Reported: 2016-11-29 06:43 UTC by Eli Barzilay
Modified: 2019-03-20 11:38 UTC
See Also:
GNOME target: ---
GNOME version: ---



Description Eli Barzilay 2016-11-29 06:43:37 UTC
The cleanup functionality in /var/tmp seems to happily step into networked FSs
that happen to be there.  In my case, I've had an sshfs mount of my home
directory on a different machine, and the next morning I woke up to a
dysfunctional machine since large parts of my home directory just vanished.

(I have intentionally set the severity field to "critical", since this can be
a potential disaster to more people.)
Comment 1 André Klapper 2016-11-29 09:43:40 UTC
Please provide more information about your setup and why you'd mount a /home directory in /var/tmp.
Comment 2 Eli Barzilay 2016-11-29 14:19:27 UTC
1. I have the version that is currently shipping with Fedora 25, without
   any additional customizations or tweaks.  RPM says:

       Name        : gnome-settings-daemon
       Version     : 3.22.1
       Release     : 1.fc25
       Architecture: x86_64
       Install Date: Tue 15 Nov 2016 04:34:09 PM EST
       [...]
       Source RPM  : gnome-settings-daemon-3.22.1-1.fc25.src.rpm
       Build Date  : Wed 12 Oct 2016 03:00:31 PM EDT
       [...]

2. I had a temporary job to do with two machines.  A temporary sshfs
   mount is very convenient for that kind of thing.  /var/tmp (or /tmp)
   sound like a perfectly fine place for a temporary mount.

3. Actually, scratch #2: the reason I did it is irrelevant; the
   disaster that followed is a good reason.  To elaborate on this:

   Implicit in the "why you'd [...]" question is a claim that "it might
   be reasonable to enter it while cleaning up old tmp files" -- and I
   claim that this is completely and utterly unreasonable.  Considering
   the question of whether it is a good thing to do or not:

   a. `systemd-tmpfiles --cleanup` does not go into network mounts.
      Other & older tmp cleaners (eg, tmpwatch, tmpreaper) would also
      never descend into a different filesystem.

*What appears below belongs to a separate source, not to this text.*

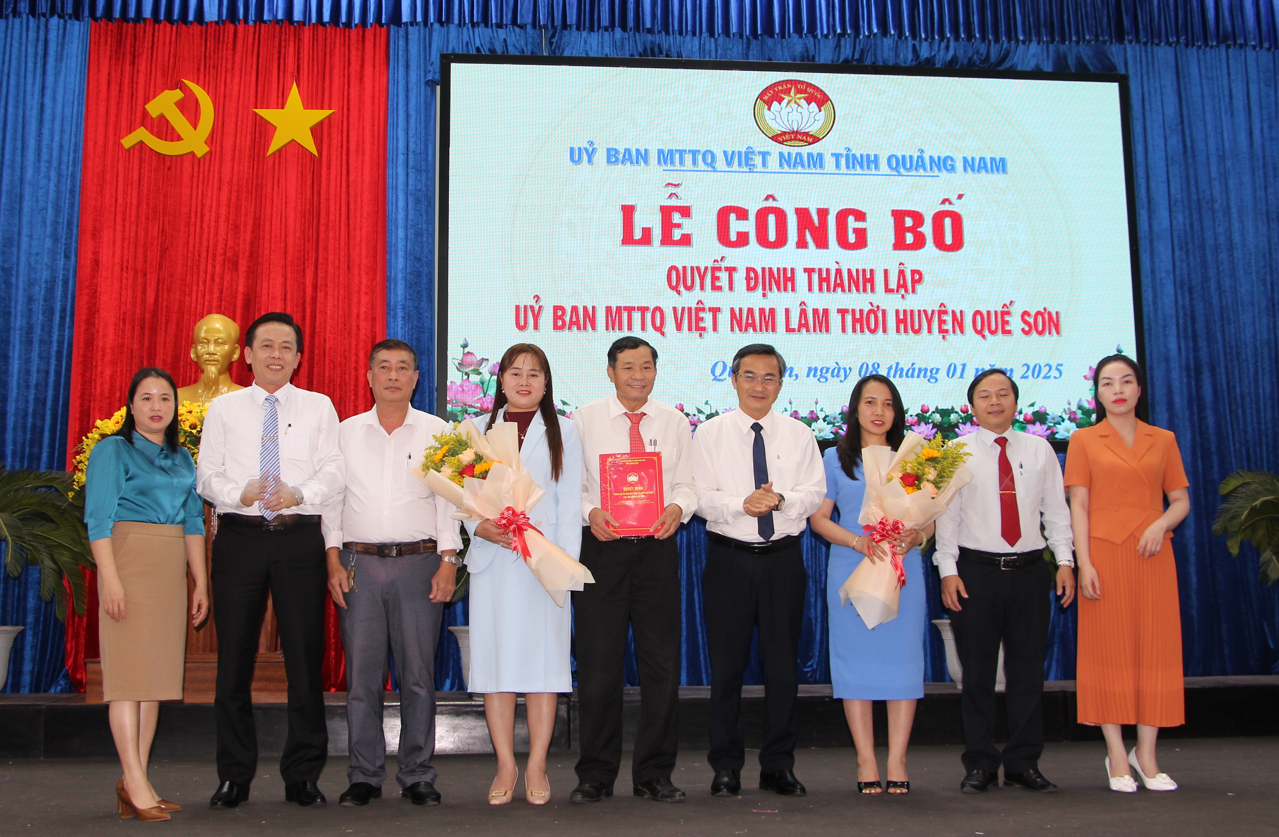 Căn cứ Quyết định số 1704-QĐ/TU, ngày 04/12/2024 của Ban Thường vụ Tỉnh ủy Quảng Nam về việc thành lập Đảng bộ huyện Quế Sơn trực thuộc Đảng bộ tỉnh; Chủ tịch Ủy ban MTTQ Việt Nam tỉnh Lê Trí Thanh vừa ký quyết định thành lập Ủy ban Mặt trận Tổ quốc Việt Nam lâm thời huyện Quế Sơn.

   b. The question of whether files should be cleaned up or not is a
      question about *local* disk mount policy only, and should never
      apply to mounts that are *inside* the directory.  For example, had
      I mounted /var/tmp *itself* as an sshfs, I wouldn't be surprised
      if it'd be subject to the policies that usually govern /var/tmp;
      but that was not the case.

   Given both points, I think that it's the gnome-settings-daemon's
   developers responsibility to demonstrate a valid reason to *do*
   descend into foreign mounts: both logically (to counter (b)), and
   concretely (to counter (a)): find the reason all of these tmp
   cleaners avoid mounts, and explicitly decide why that reason is no
   longer valid.

4. As a side-note, these older tmp cleaners also all avoid following
   symlinks.  If anyone would have done the common sense thing of
   looking up behaviors of existing cleaners, gnome-settings-daemon
   would have not followed symlinks as well, avoiding a similarly
   catastrophic bug that was filed about two years ago (730223 and
   737079).

5. To clarify, in my case "disaster" refers to the fact that I spent
   pretty much all of a very long weekend recovering files.  (Actually,
   recovering was easy, reconstructing proper selinux contexts took
   days.)  Note that similar language was used in the earlier symlink
   bug.  The bottom line: PEOPLE LOSE DATA, which should not happen
   unintentionally.  It baffles me that a reaction to such a bug report
   is "why did you do that?".

6. Yet another side-note related to all of this.  One thing that I noted
   that gnome-settings-daemon does differently than previous tmp
   cleaners is that it uses mtime/atime to determine when files should
   be deleted, but it doesn't use ctime.  AFAICT, this can lead to
   similarly amusing situations in which I unpack some old tgz archive
   in /var/tmp to look at its contents, and immediately have files
   disappear from it.  This should be fixed too.
Comment 3 GNOME Infrastructure Team 2019-03-20 11:38:42 UTC
-- GitLab Migration Automatic Message --

This bug has been migrated to GNOME's GitLab instance and has been closed from further activity.